Pochi mesi dopo Cordoba fu nuovamente sconvolta dalla ribellione del
governatore Roque Ferreyra, sconfitto però il 19 febbraio 1864, agli Altos de
Cordoba, dalle forze lealiste del colonnello Esteban Pizarro e del comandante
Aureliano Cuenca.

I piani del 1864 per il consolidamento della frontiera meridionale.

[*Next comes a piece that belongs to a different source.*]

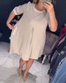 Freizeitkleid mit Rundhalsausschnitt, einfarbig und plissiert
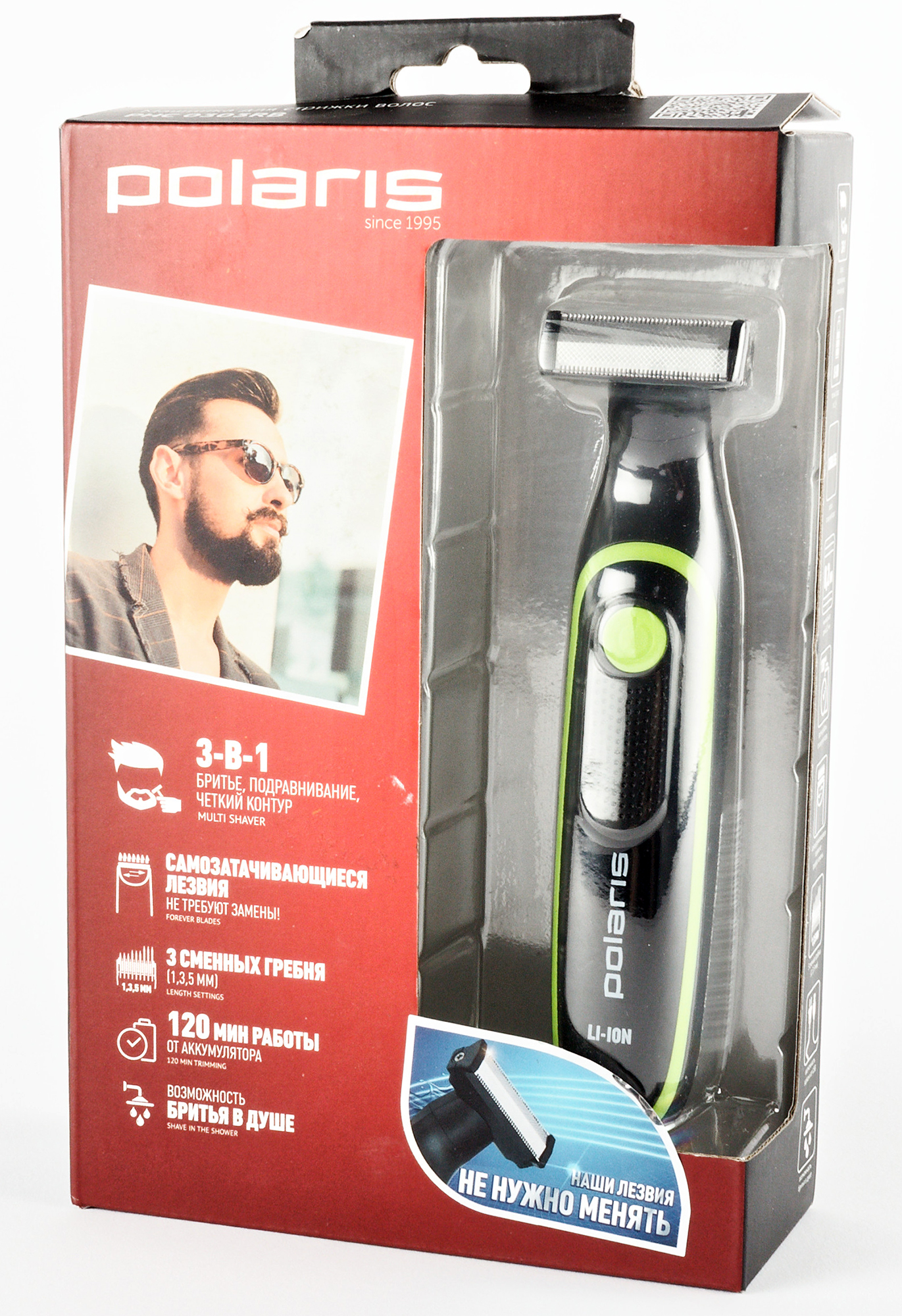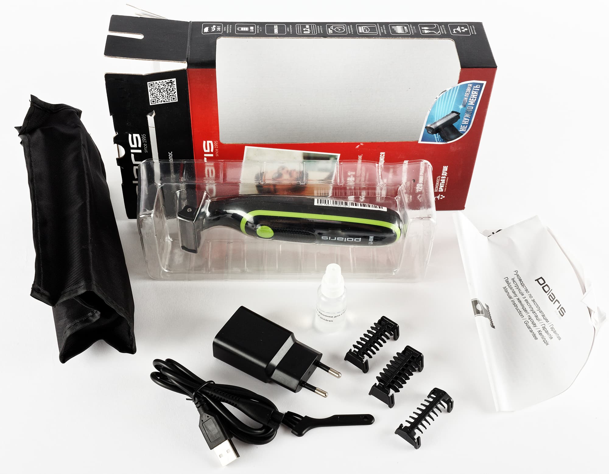 Polaris PHC 0303RB позиционируется производителем как «машинка для стрижки волос». При этом при первом знакомстве перед нами предстает аккумуляторный мини-триммер с тремя насадками для волос разной длины, а по информации на упаковке прибор подходит не только для подравнивания волос и формирования четких контуров, но также может выполнять функцию бритья.

Conclusa la guerra civile, la marina fu limitata a 3 cannoniere fluviali
191

(Republica, Paranà e Uruguay) e l’esercito nazionale a 6.500 uomini (7


battaglioni di fanteria, 8 reggimenti di cavalleria e 1 di artiglieria) distribuiti tra
le frontiere dell’Interno (1.919), di Buenos Aires (3.337) e del Chaco (1.213)
comandate dal colonnello Iseas e dai generali di brigata Emilio Mitre (fratello
del presidente) e Antonino Taboada.
Nel gennaio 1864 Paunero sottomise al ministro Gelly y Obes due progetti
alternativi di consolidamento della frontiera meridionale, minacciata dalle
continue scorrerie (malones) dei 6.000 guerrieri indiani (un terzo ranqueles e
loro alleati, un terzo pampas e il resto tribù araucane confederate sotto il
nonagenario capo Callvucurà). Il progetto più ambizioso prevedeva di creare
una fascia di sicurezza avanzando la prima linea di fortini sul Rio Grande o
Colorado, con un avamposto sul Rio Negro all’isola di Choele Choel. Il
secondo progetto prevedeva invece di occupare almeno la base di partenza
delle scorrerie araucane, che si trovava 200 chilometri a S-O dei fortini
avanzati bonearensi e 180 a N-E di Bahia Blanca, tra le lagune di Carhué e la
Sierra della Ventana, appoggiando il nuovo presidio all’Arroyo e alla Sierra di
Guaminì. Entrambi i progetti furono archiviati dalla guerra contro il Paraguay,
nondimeno si concesse ai veterani congedati di fondare nuovi villaggi attorno
ai fortini di Las Tunas (Cordoba) e Melincué (Santa Fe) e nella frontiera di
Buenos Aires (Tres Arroyos, El Chagnar e Olavarria).